As U.S., European, and Russian intelligence begin adapting themselves to al Qaeda and its kind, the demise of William Buckley--by some accounts the CIA's top expert on terrorism--prefigures the rough going ahead. Whereas espionage once had some rules, "That's simply not true in a war against a bin Laden or a Saddam Hussein," Woolsey affirmed, adding "I compare them to Torquemada," the 15th century leader of the Spanish Inquisition. "There are no rules."
A fragmented community
In the United States, analyses of intelligence weaknesses before and after 11 September have focused on four areas:
Human inadequacies in analysis, language skills, and especially spying--the gathering of data from informers within a hostile organization or targeted government.
Growing gaps in technical intelligence in, for example, the ability to decrypt, analyze, and deliver expeditiously messages intercepted amid the oceans of encrypted e-mail, phone calls, and other communications monitored around the world.
Lack of cooperation between organizations that collect foreign intelligence and others that counter the intelligence activities and terrorism of foreign countries at home.
Spotty relations among various countries' intelligence services, which interfere with the effort to combat international organizations, such as al Qaeda, which is thought to have agents in dozens of countries.

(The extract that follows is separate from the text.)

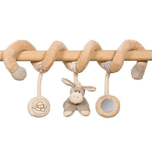 This gorgeous activity spiral is mainly for use on a cot, however due to the elasticity of the fabric it could also be attached to other similar shaped objects. This is the ideal early activity for your baby, offering an appropriate level of stimulation such as crinkle and rattle noises and different hanging toys. This Toy Spiral is just one product in Nattou?s range of gorgeous, fun and exciting nursery furnishings as well as activity and soft toys. So whether you are trying to create that perfect look and feel for your baby?s nursery or find that snuggly soft toy that your child will cherish for years to come, then this range has loads to choose from.

An understanding of these deficiencies calls for some perspective on modern intelligence. Take the complex and fragmented U.S. intelligence community. A total of 13 government agencies have intelligence responsibilities of some kind [see illustration, top of page], for which they share a budget put at US $30 billion this fiscal year and roughly $33 billion for 2002 (the exact figures are secret).
Among the most important is the CIA, paid to the tune of $3 billion a year for spying, covert operations, and intelligence analysis. The National Security Agency (NSA), a part of the Department of Defense located in Fort George G. Meade, Md., has a dual role: it intercepts and decrypts communications and other signals through the use of a worldwide interception network and a fleet of eavesdropping satellites, and it also develops the encryption technology used to keep sensitive U.S. government communiqués secret. Its budget is believed to be around $4 billion a year. The Federal Bureau of Investigation (FBI), in Washington, D.C., the only one of this group whose budget is unclassified, received $3.25 billion last year to fund its efforts to protect the United States from a broad range of threats, including terrorism.
In the barrage of criticism after the 11 September attacks, a recurring theme was that U.S. intelligence had grown too reliant on technical intelligence, allowing its human intelligence assets to deteriorate. Human intelligence, or spying, can be a devastating weapon against terrorists because in the right circumstances it reveals the specific dates, targets, plans, and people involved in a plot. Technical intelligence, most commonly intercepted communications, is typically less useful because attackers generally do not discuss specifics over e-mail or telephone links. Also, organizations like al Qaeda may routinely use false messages to confuse their pursuers.
"I'll take a live source any day over an electronic intercept," declared Robert M. Blitzer, a former chief of the domestic terrorism/counterterrorism planning section at the FBI. Nevertheless, heavier communications traffic and intercepted cryptic references can alert officials that a strike may be planned, without giving them any vital details. Apparently intercepts, along with a smattering of human intelligence, were behind the maddeningly vague alerts issued by U.S. Attorney General John D. Ashcroft in October and early December.
While few observers dispute that the CIA's human intelligence assets languished during the 1990s, others warn against viewing spying as a panacea. "Human intelligence is not as good as people think it is," insisted Melvin A. Goodman, a former CIA analyst. And several factors conspire to immunize radical Islam against spies. For one, fundamentalist strains associated with terrorism preach self-denial. Offers of money or sex, the time-honored lures for spies, would probably do more harm than good.
Also, fanatical devotion to their cause makes it hard to "turn" insiders and to get useful information out of apprehended coconspirators. "They don't care if they go to jail--they don't even care if they die," said Blitzer, now an assistant vice president at Science Applications International Corp., McLean, Va.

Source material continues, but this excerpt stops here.